Being:
$$f(n) = \left(\frac{5+3\sqrt5}{10}\right)\cdot\left(\frac{1+\sqrt5}{2}\right)^n+\left(\frac{5-3\sqrt5}{10}\right)\cdot\left(\frac{1-\sqrt5}{2}\right)^n$$
Calculate:
$$f(n+1)-f(n-1)\\ \text{Based on } f(n)$$
I really can't see a simple way to solve this, It'd really help me if you could point it out.
On
Hint: the term $\phi=\frac{1+\sqrt{5}}{2}$ is an important mathematical constant known as the golden ratio. The other terms in the expression defining $f(n)$ can be conveniently written in terms of this single constant, e.g.,
$$\begin{cases} \frac{1-\sqrt{5}}{2}=-\phi^{-1},\\ \frac{5+3\sqrt{5}}{10}=\frac{\phi^4-1}{5}. \end{cases}$$
Can you take it from here?
Here's the beginning of a solution that doesn't require too many rabbits-out-of-hats.

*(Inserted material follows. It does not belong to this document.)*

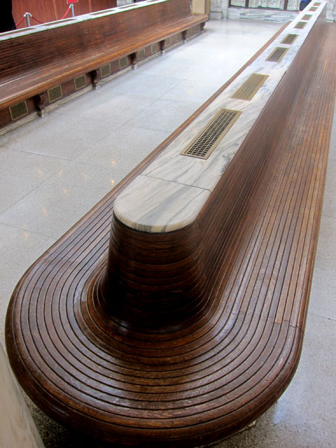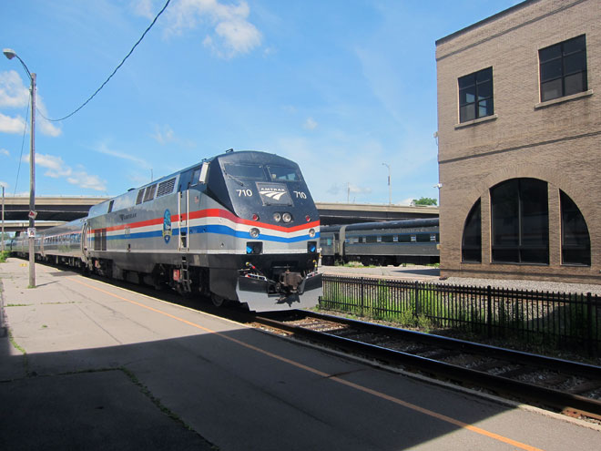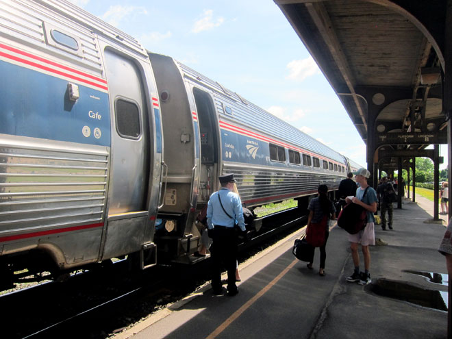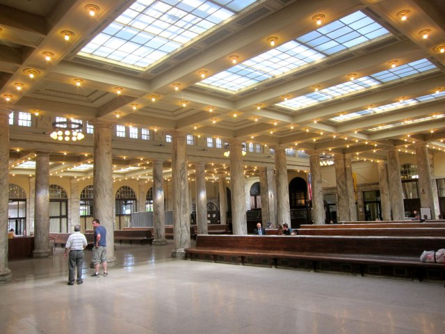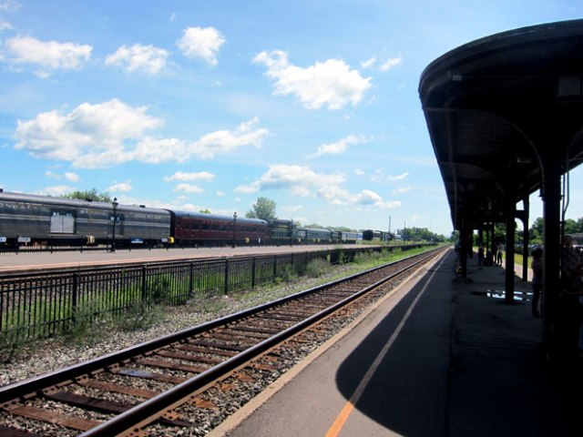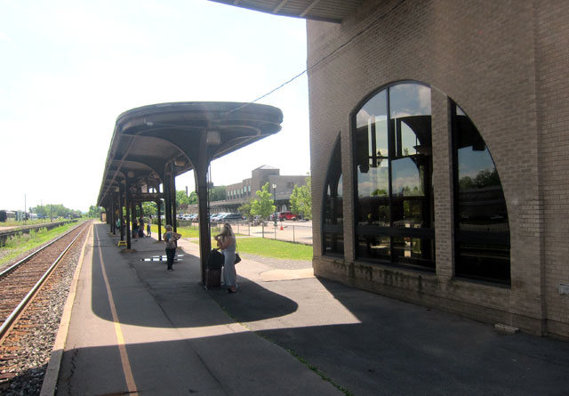 Here is a real gem, and to whet your appetite, here is but one quote from Wikipedia – “Inside is a restaurant and a barber shop, one of the few barber shops in a train station today. The 15,000-square-foot waiting room’s 47-foot-high vaulted ceiling is supported by 34 marble columns. The station’s blueprints called for the importing of columns that originally adorned Grand Central Station in New York City. Eight large benches are heated with steam pipes and vents.” Below is my first stop in Utica on 8 June this year, and almost the same view on this trip, 15 July (but from the station platform, and not car vestibule).

First, to save on writing, let $$ \alpha=\frac{5+3\sqrt5}{10} \text{ ,}\quad \overline\alpha=\frac{5-3\sqrt5}{10} \text{ ,}\quad \varphi=\frac{1+\sqrt5}{2} \text{ ,}\quad \overline\varphi=\frac{1-\sqrt5}{2} \text{ .} $$ Then $$ f(n+1)-f(n-1) = \alpha\varphi^{n+1} + \overline\alpha\,\overline\varphi^{n+1} - \alpha\varphi^{n-1} - \overline\alpha\,\overline\varphi^{n-1} $$ Since we're trying to get something in terms of $f(n)$, we'll now try to get some $\varphi^n$ and $\overline\varphi^n$. That suggests grouping the terms thus: $$ f(n+1)-f(n-1) = \alpha\varphi^n(\varphi-\varphi^{-1}) + \overline\alpha\,\overline\varphi^n(\overline\varphi-\overline\varphi^{-1}) \tag{$\ast$} $$ This looks a lot like $f(n)$, but it's got extra $(\varphi-\varphi^{-1})$ and $(\overline\varphi-\overline\varphi^{-1})$, so we'd like to get rid of those, or manipulate them into something else. It'd be swell if they were equal, for example, since then we could factor them out, and we'd have $(\text{something})f(n)$. So, the next step is to get a handle on these expressions; you could start by computing them.